= SUPPLIED DATA =
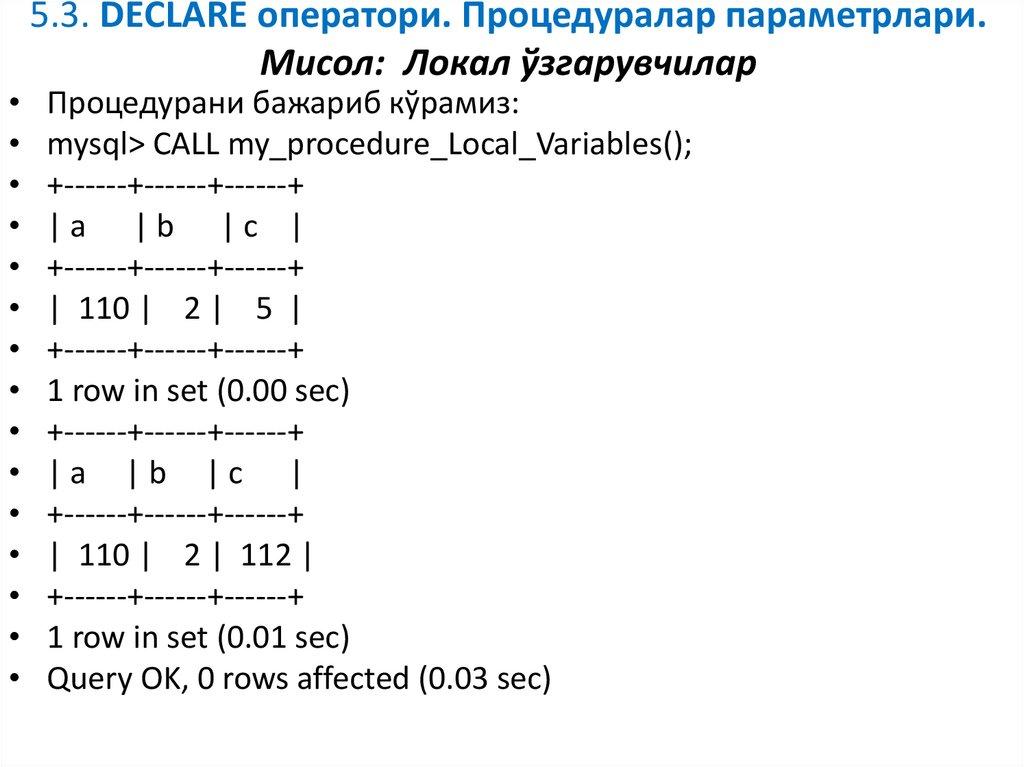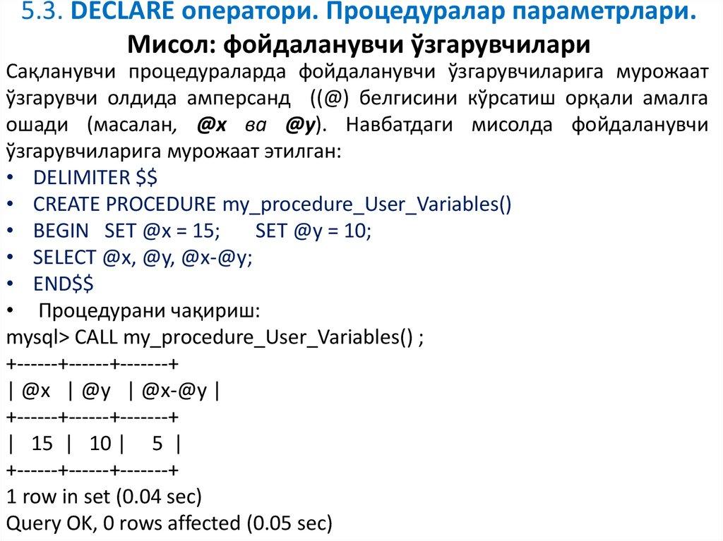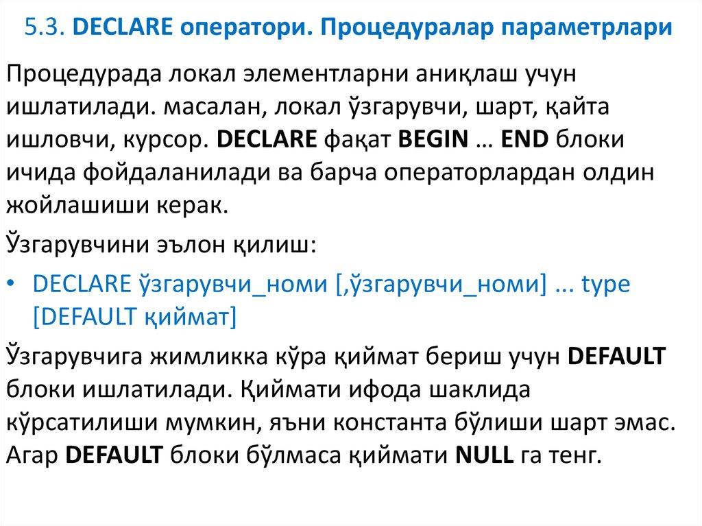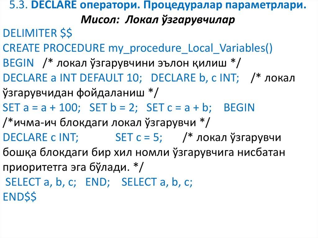 7. SQL процедуранинг ўзгарувчилари. Оператор DECLARE.
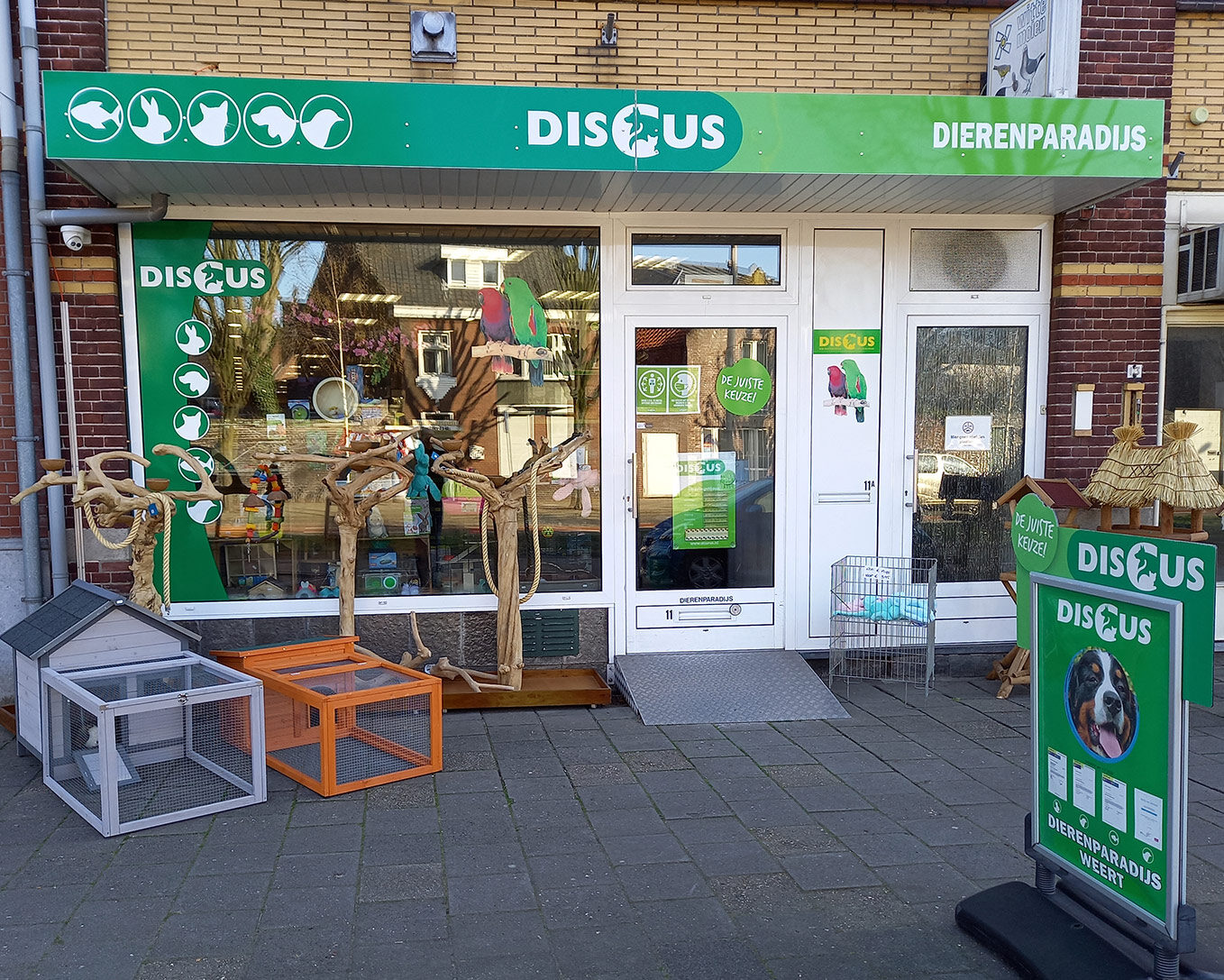 Discus Dierenparadijs Weert bestaat al meer dan 50 jaar en is bekend om zijn grote assortiment dieren en gespecialiseerd in tamme papegaaien. Wij hebben ook een groot assortiment vissen , knaagdieren en alle bijbehorende benodigdheden.
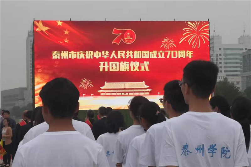 10月1日是新中国70周年华诞,LETOU国际米兰官网红旗飘扬,同学们一早就在辅导员的带领下整装出发,组成大学生代表团参加泰州市统一组织的升旗仪式,同学们一路高歌《红旗飘飘》、《我和我的祖国》为伟大祖国祝福。
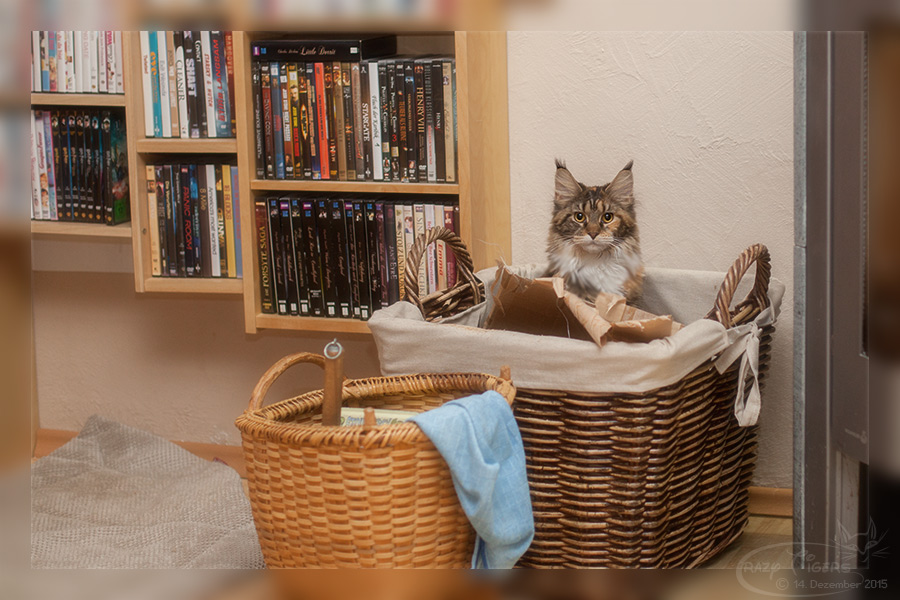 Xantia hat sich den Holzkorb als Versteck ausgesucht.

= TASK =
Once the pictures are set aside, output all of the data above verbatim.

= SOLVED PROBLEM =
 7. SQL процедуранинг ўзгарувчилари. Оператор DECLARE.
 Discus Dierenparadijs Weert bestaat al meer dan 50 jaar en is bekend om zijn grote assortiment dieren en gespecialiseerd in tamme papegaaien. Wij hebben ook een groot assortiment vissen , knaagdieren en alle bijbehorende benodigdheden.
 10月1日是新中国70周年华诞,LETOU国际米兰官网红旗飘扬,同学们一早就在辅导员的带领下整装出发,组成大学生代表团参加泰州市统一组织的升旗仪式,同学们一路高歌《红旗飘飘》、《我和我的祖国》为伟大祖国祝福。
 Xantia hat sich den Holzkorb als Versteck ausgesucht.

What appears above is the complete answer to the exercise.